Along with its impact on immune cytokines and BBB permeability, VNS may also help reduce inflammation by controlling gut microbiota and improving cerebrospinal fluid (CSF) exchange in the glymphatic system (Bohórquez et al., 2015; Bonaz et al., 2019; Cheng et al., 2020; Zhang et al., 2020), though the exact ways it does this need more research.
3.2.2 Promoting neurogenic signaling pathways
VNS promotes the release of neurotransmitters and chemical molecules in the brain. These are the main ones: the NE pathway, the 5-HT pathway, the dopamine (DA) pathway, the brain-derived neurotrophic factor-tyrosine kinase B (TrkB) pathway, and the -aminobutyric acid (GABA) pathway.
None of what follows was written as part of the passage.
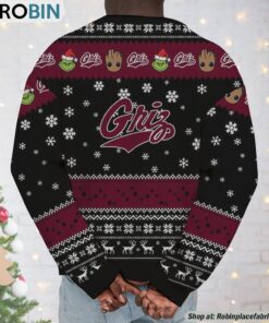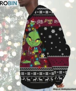 Unleash the festive spirit this holiday season with our uniquely charming sweatshirt and sweater that brings together your love for adorable characters and team pride! Featuring an imaginative blend of pop culture and collegiate spirit, this cozy apparel showcases two of your favorite mischievous icons, Baby Groot and the Grinch, in a delightful design that's perfect for holiday gatherings, ugly sweater parties, or cozy nights in. A must-have for fans of whimsy and wit, it’s the perfect way to celebrate the joyous season while supporting your beloved team. Crafted for comfort and style, this standout piece delivers a heartwarming blend of humor, fandom, and festive cheer.

The neurotransmitter GABA is mostly found in the medial septum (MS), the nucleus ambiguus (NA), the dorsal motor nucleus of the vagus (DMV), and the nucleus tractus solitarius (NTS) (Bennett et al., 1987; Helm et al., 2005; Herman et al., 2009; Pelkey et al., 2017). It is an inhibitory neurotransmitter. Herman et al. (2009) discovered that stimulating NTS can increase GABA signaling and send it to DMN and NA, making epileptic seizures less severe. Marrosu et al. (2003) found that GABA can control cortical excitability through GABAA receptors on the cerebral cortex to help people with epilepsy. And Keute et al. (2018a), Keute et al. (2018b) discovered that VNS can also act on GABAergic neurons in the motor cortex to control autonomic behavior inhibition. Furthermore, it has been discovered that GABAA and GABAB receptors in MS help control changes in the hippocampus after VNS stimulation. This can impact how people deal with anxiety and their ability to learn new things (Broncel et al., 2019). It can be seen that VNS stimulation can promote GABAergic pathways to regulate abnormal brain excitation and achieve comprehensive protective effects.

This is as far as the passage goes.